Towards Adoption of an Optical Second: Verifying Optical Clocks at the SI Limit

• Main Authors: McGrew, W. F, Zhang, X, Leopardi, H, Fasano, R. J, Nicolodi, D, Beloy, K, Yao, J, Sherman, J. A, Schäffer, S. A, Savory, J, Brown, R. C, Römisch, S, Oates, C. W, Parker, T. E, Fortier, T. M, Ludlow, A. D
• Format: Journal Article
• Language: English
• Published: 14.11.2018
• Subjects: Physics - Atomic Physics; Physics - Optics
• DOI: 10.48550/arxiv.1811.05885

The pursuit of ever more precise measures of time and frequency is likely to lead to the eventual redefinition of the second in terms of an optical atomic transition. To ensure continuity with the current definition, based on a microwave transition between hyperfine levels in ground-state $^{133}$Cs, it is necessary to measure the absolute frequency of candidate standards, which is done by comparing against a primary cesium reference. A key verification of this process can be achieved by performing a loop closure$-$comparing frequency ratios derived from absolute frequency measurements against ratios determined from direct optical comparisons. We measure the $^1$S$_0\!\rightarrow^3$P$_0$ transition of $^{171}$Yb by comparing the clock frequency to an international frequency standard with the aid of a maser ensemble serving as a flywheel oscillator.

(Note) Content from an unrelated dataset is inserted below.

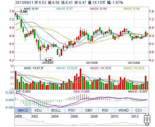 | 今 開: | 6.53 | 成交量: | 16.15萬手 | 振 幅: | 2.28% |

Our measurements consist of 79 separate runs spanning eight months, and we determine the absolute frequency to be 518 295 836 590 863.71(11) Hz, the uncertainty of which is equivalent to a fractional frequency of $2.1\times10^{-16}$. This absolute frequency measurement, the most accurate reported for any transition, allows us to close the Cs-Yb-Sr-Cs frequency measurement loop at an uncertainty of $<$3$\times10^{-16}$, limited by the current realization of the SI second. We use these measurements to tighten the constraints on variation of the electron-to-proton mass ratio, $\mu=m_e/m_p$. Incorporating our measurements with the entire record of Yb and Sr absolute frequency measurements, we infer a coupling coefficient to gravitational potential of $k_\mathrm{\mu}=(-1.9\pm 9.4)\times10^{-7}$ and a drift with respect to time of $\frac{\dot\mu}{\mu}=(5.3 \pm 6.5)\times10^{-17}/$yr.